Fall Anne Wünsche: Warum Abtreibungen immer noch aufregen
TV-Star Anne Wünsche spricht öffentlich über ihre bevorstehende Abtreibung. Das Recht, selbst über ihren Körper zu bestimmen, gestehen ihr nicht alle zu.
Ein dickes Plussymbol auf dem Display eines Schwangerschaftstests: Mit diesem Bild machte die deutsche Schauspielerin Anne Wünsche vergangene Woche ihre Schwangerschaft auf Instagram öffentlich. Im gleichen Atemzug kündigte sie an, das Kind nicht bekommen zu wollen.
Anne Wünsche ist 31 Jahre alt. Bekannt wurde sie durch TV-Formate wie "Berlin – Tag & Nacht" oder "Gute Zeiten, schlechte Zeiten". Als Influencerin baute sich die gebürtige Brandenburgerin ein zweites berufliches Standbein auf.

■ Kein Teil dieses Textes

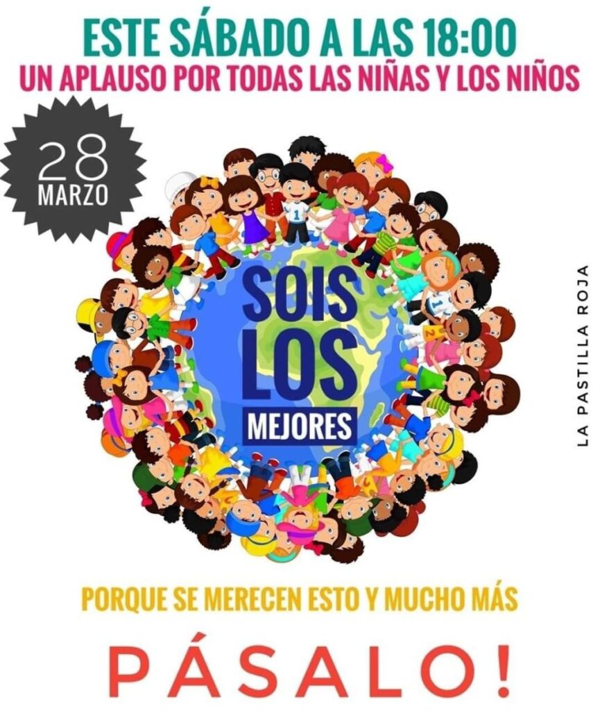 Este sábado 28 de marzo se ha convocado, a través de una cadena de Whatsapp y difusión por redes sociales, un aplauso por todos los niños y niñas de España, que están confinados en sus casas después de que el Gobierno decretara el estado de alarma por el coronavirus.

Wünsche hat drei Kinder, das jüngste wird bald ein Jahr alt. Die unerwartete Schwangerschaft – trotz Hormonspirale – sei ein Schock, erklärt sie. Aktuell sei sie in der siebten Schwangerschaftswoche: "Für mich steht fest: ich kann es nicht behalten." Ihr sei bewusst, dass sie für Aufsehen sorgen werde. Sie wolle dennoch "offen mit der Situation umgehen". Die Entscheidung gegen das Kind treffe sie "keineswegs leichtfertig": "Worte können nicht beschreiben, wie ich mich fühle."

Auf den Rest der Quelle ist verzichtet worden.